5.3. Heterogeneity Analysis

The baseline regression analysis demonstrates that new-quality productive forces (new_prod) exert a robust positive driving effect on industrial chain modernization (ind_modern). Robustness tests further confirm the conclusion’s validity across alternative measurement methods, tail-trimming treatments, and dynamic modeling scenarios. Spatial expansion analysis reveals that while new-quality productive forces exhibit significant positive spatial spillover effects when controlling only for temporal effects, the spillover effects weaken in neighboring regions after incorporating provincial fixed effects.
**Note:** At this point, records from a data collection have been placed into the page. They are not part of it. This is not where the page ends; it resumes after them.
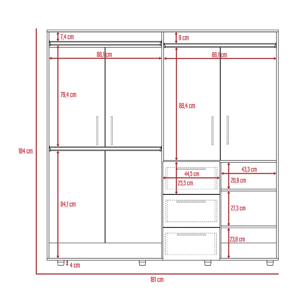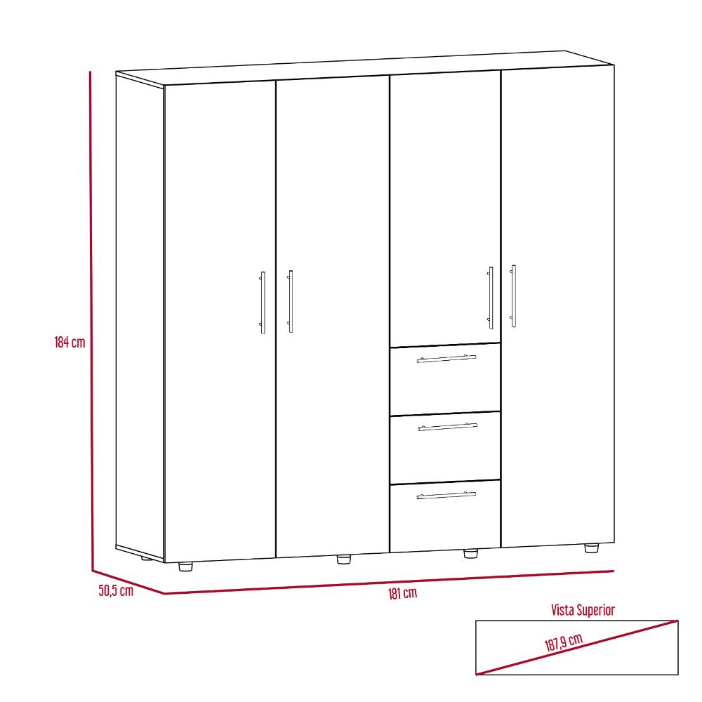 Closet , con 3 tubo cromados, 3 entrepaños, 3 cajones y 4 puertas batientes.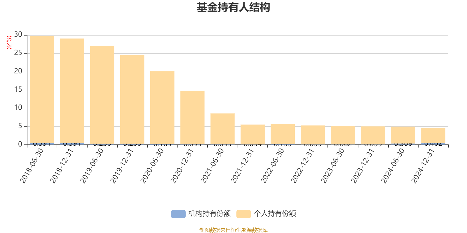截至2024年12月31日,基金持有人共计1.05万户,合计持有4.59亿份。其中管理人员工持有220.82万份,占比0.48%,机构持有份额占比10.07%,个人投资者占比89.93%。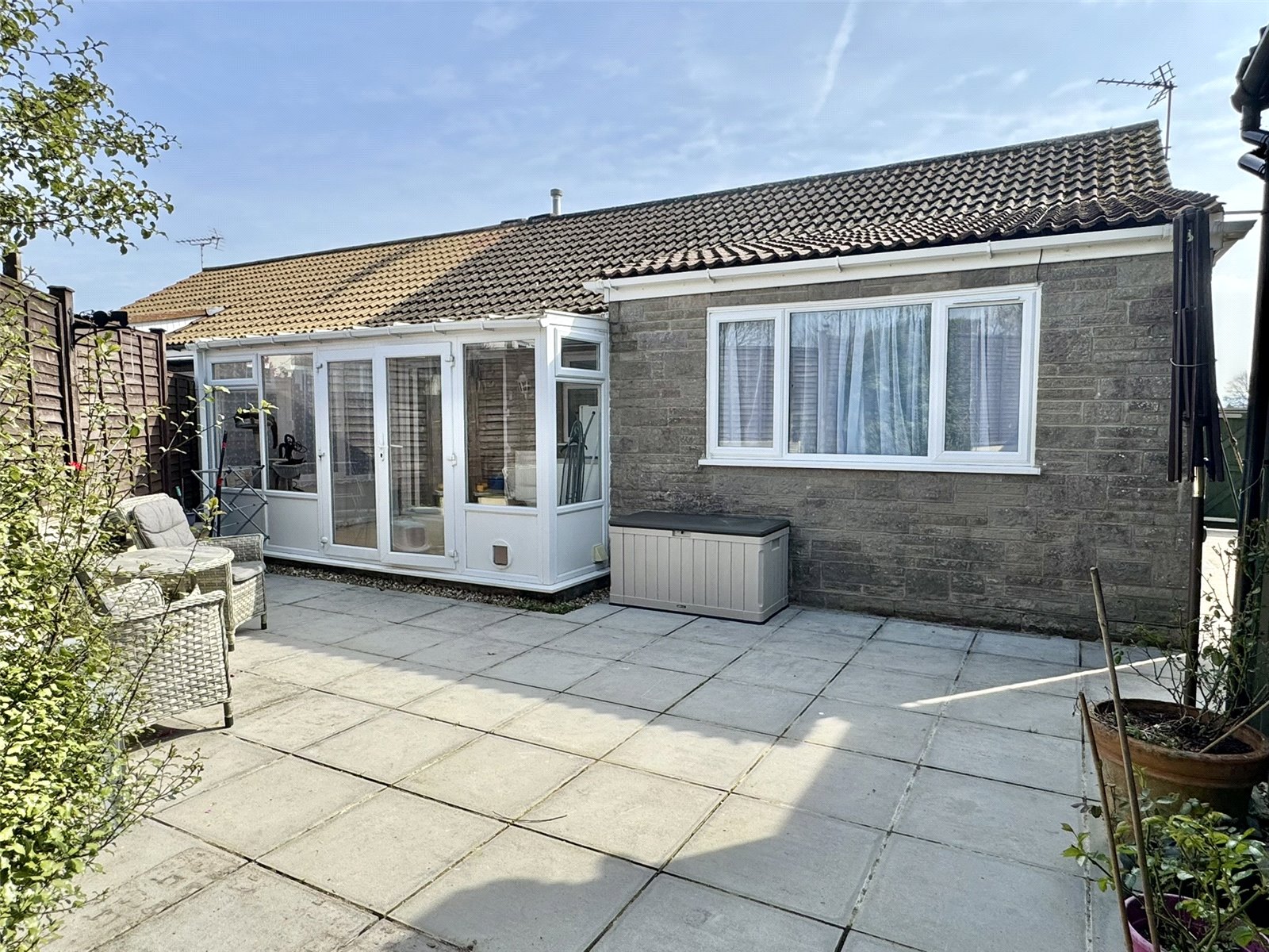 Positioned in an elevated setting, this well-presented two-bedroom semi-detached bungalow enjoys far-reaching views across the village rooftops and rolling countryside beyond. The property offers generous off-street parking for several vehicles, leading to a substantial metal outbuilding/garage, ideal for storage, workshop use, or a variety of other purposes.Inside, the home is welcoming, featuring a stylish retro-inspired kitchen diner that provides a vibrant and practical space for everyday living. Sliding double doors open seamlessly into a bright conservatory, creating an ideal spot to relax while leading out to the garden.The main lounge is a standout feature, benefitting from a large front aspect window that perfectly frames the elevated outlook, filling the room with natural light. There are two well-proportioned bedrooms, including a spacious principal bedroom with built-in wardrobe storage, alongside a generous second double bedroom. Both are served by a well-appointed main bathroom.Further benefits include double glazing throughout and gas central heating via a back-boiler, ensuring comfort and efficiency all year round. This delightful bungalow combines charm, practicality, and a sought-after position, making it an excellent choice for a range of buyers.

This indicates that the spatial spillover effects of new-quality productive forces primarily stem from inter-regional structural disparities rather than short-term intra-provincial fluctuations over time.
Based on this, we conducted a heterogeneity analysis of the macro-regional divisions between East, Central, and West. The study grouped regions according to three common classifications: East (11 provinces/municipalities), Central (8 provinces/municipalities), and West (12 provinces/municipalities), with the regression results presented in Table 9.
The coefficient of new-quality productive forces in the eastern region is 0.4325 (1% significant), significantly higher than the 0.1765 in the full-sample benchmark model. This indicates the eastern region has the highest conversion efficiency of new-quality productive forces. The central regions’ coefficient is 0.0604 (5% significant), suggesting that the absorption and diffusion of new-quality productive forces in the central region face thresholds and frictions, manifesting more as gradual improvements rather than leapfrog upgrades. The western regions coefficient of 0.0309 (insignificant) indicates that new-quality productive forces have yet to form a systematic driving force for industrial chain modernization.
These findings align with the earlier observation that spatial spillover effects significantly weakened after controlling for provincial effects, further confirming that regional structural disparities constitute the critical context influencing the intensity of new-quality productive forces’ impact. The primary reason for this outcome lies in the fact that the “modernization of industrial chains” indicator system in this study encompasses six dimensions—innovation, digitalization, collaboration, and sustainability—measuring the comprehensive transition from technological advancement to organizational restructuring and ecological transformation. Eastern regions hold systematic advantages in forming industrialization closed loops, market-oriented interfaces, and supporting productive service industries. These advantages enable more efficient conversion of new-quality productive forces into industrial chain structural upgrades, as reflected by higher marginal coefficients. In contrast, enterprises in central and western regions face capability gaps in process optimization, data governance, scenario engineering, and system integration. These shortcomings hinder the timely transformation of new-quality productive forces into improvements in industrial chain efficiency and resilience, ultimately resulting in lower marginal productivity.

6. Discussion

This study elucidates the moderating role of green technology innovation in driving industrial chain modernization through new-quality productive forces. The research findings will be discussed in the following section.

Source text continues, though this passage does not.